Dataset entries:
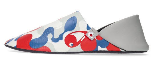 踏み抜き防止機能を有する「ゼロハザードインソール」を装備したルームシューズ「SP-1781」がベースです。甲の部分に大阪・関西万博の特徴的なエレメント柄を大胆にプリントしたレザーをたっぷりと使用したインパクトのある1足です。シューズボックスは、大阪・関西万博の公式キャラクター「ミャクミャク」をあしらった特別仕様です。
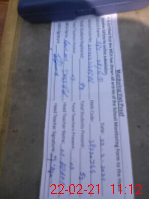 | Attendance Register | Head Teacher | MEA with School | Visit Proof |
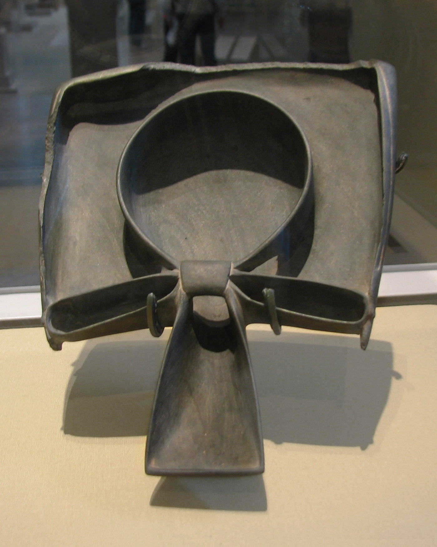 (From info card) "Experimention in carving stone vessels reached its zenith in the Early Dynastic Period. Craftsmen were highly successful at translating the plasticity associated with clay into stone, and this spouted dish is a fine example. The votive dish has two hieroglyphs; the pair of arms reads ka (spirit), and the cross-like symbol offered by the arms translates as ankh (life). The ankh's base serves as the spout, and several interior walls are pierced to allow liquid to flow through the emblem." It's a marvelous evocation of 'feeding the ka', (aka 'life to thy spirit' as the museum website has it). And the excellent workmanship so early in Egyptian history is amazing. I found a seal of the First Dynasty king Den illustrated in Petrie's _Royal Tombs II_: |
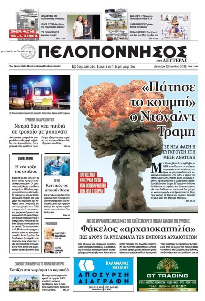 Oι εφημερίδες, σήμερα Δευτέρα 23 Ιουνίου
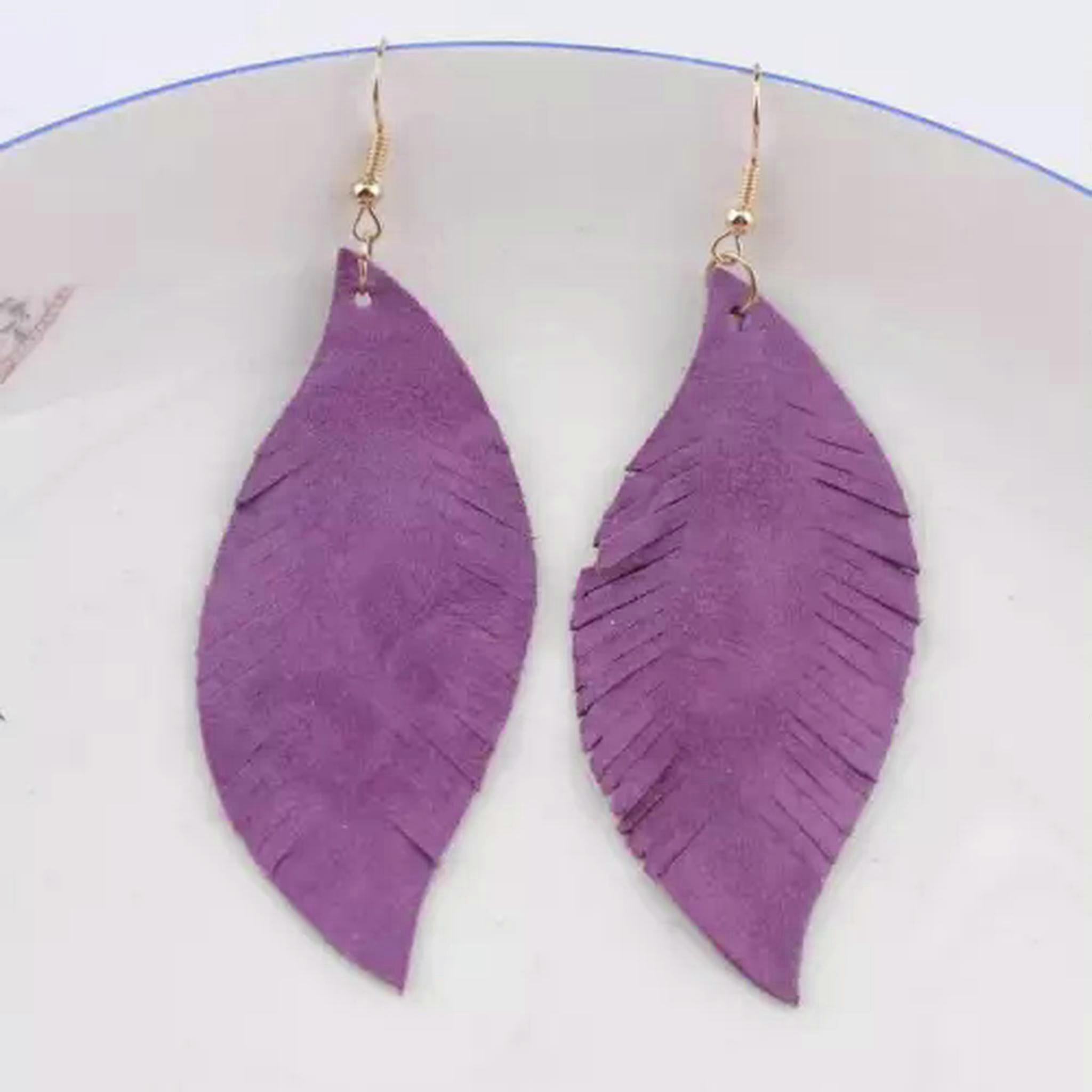RSAMD Leaf Shape Genuine Leather Fringe Feather Statement Earrings Women Custom Design-Violet

EXERCISE PROMPT: Every line above should be copied exactly; do not carry over the pictures.

SOLUTION:
 踏み抜き防止機能を有する「ゼロハザードインソール」を装備したルームシューズ「SP-1781」がベースです。甲の部分に大阪・関西万博の特徴的なエレメント柄を大胆にプリントしたレザーをたっぷりと使用したインパクトのある1足です。シューズボックスは、大阪・関西万博の公式キャラクター「ミャクミャク」をあしらった特別仕様です。
 | Attendance Register | Head Teacher | MEA with School | Visit Proof |
 (From info card) "Experimention in carving stone vessels reached its zenith in the Early Dynastic Period. Craftsmen were highly successful at translating the plasticity associated with clay into stone, and this spouted dish is a fine example. The votive dish has two hieroglyphs; the pair of arms reads ka (spirit), and the cross-like symbol offered by the arms translates as ankh (life). The ankh's base serves as the spout, and several interior walls are pierced to allow liquid to flow through the emblem." It's a marvelous evocation of 'feeding the ka', (aka 'life to thy spirit' as the museum website has it). And the excellent workmanship so early in Egyptian history is amazing. I found a seal of the First Dynasty king Den illustrated in Petrie's _Royal Tombs II_: |
 Oι εφημερίδες, σήμερα Δευτέρα 23 Ιουνίου
RSAMD Leaf Shape Genuine Leather Fringe Feather Statement Earrings Women Custom Design-Violet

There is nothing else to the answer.